Para Giatti, o cenário de exclusão faz com que haja poucos estudos sobre o tema. “É uma situação negligenciada, pouco estudada, e relegada a grupos de pobres, excluídos e marginalizados.”

Situação semelhante ocorre para a relação entre doenças e saneamento. Embora comprovada, há poucos estudos novos que apontem a dimensão do problema e seu impacto também em outras áreas, como o afastamento no trabalho e a consequente perda de produtividade e renda.

“É como se fosse um problema científico resolvido”, diz Giatti. “Fica por isso mesmo.”
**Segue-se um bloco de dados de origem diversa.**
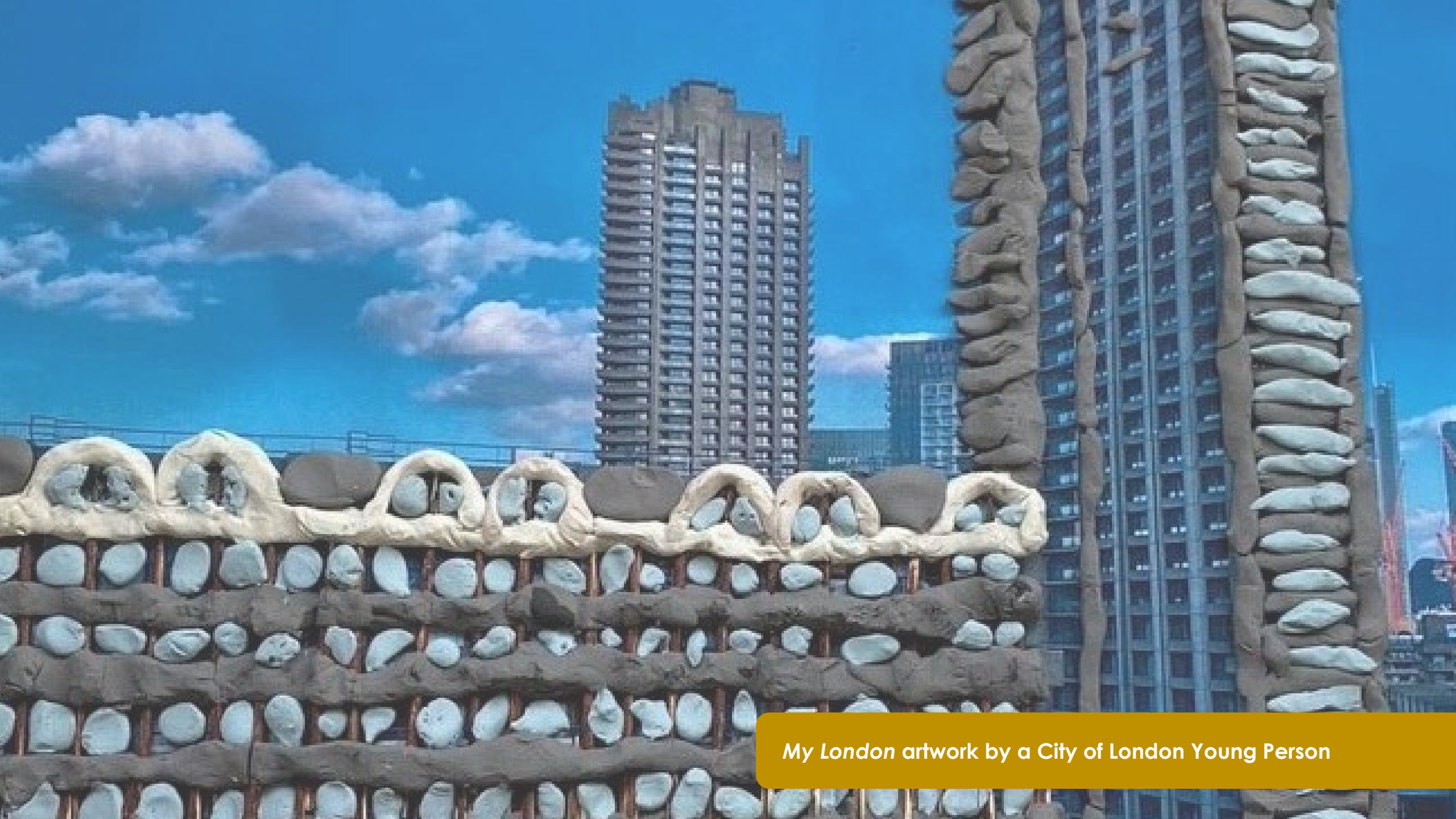
My London artwork by a City of London Young Person

Doenças relacionadas ao saneamento inadequado

O que é
Doenças cuja forma de transmissão, controle e prevenção é relacionada ao ambiente e à ausência ou insuficiência de serviços de saneamento básico, como acesso à rede de água e esgoto

487.726
foi o total de internações por essas doenças em 2018

533.884
foi o total de procedimentos ambulatoriais em hospitais

R$ 216,8 mi/ano
é a média de gastos no SUS com internações por essas doenças nos últimos anos. Valor deve ser maior, pois não considera atendimentos em unidades básicas de saúde, que respondem pela maioria


R$ 192,5 milhões
foi o total de gastos no SUS em 2018*

* Valor gasto com internações teve queda em comparação a últimos anos —o que especialistas atribuem não à melhora no saneamento, mas ao aumento da oferta de equipes de atenção básica no SUS, o que ajuda a evitar agravamento dos casos.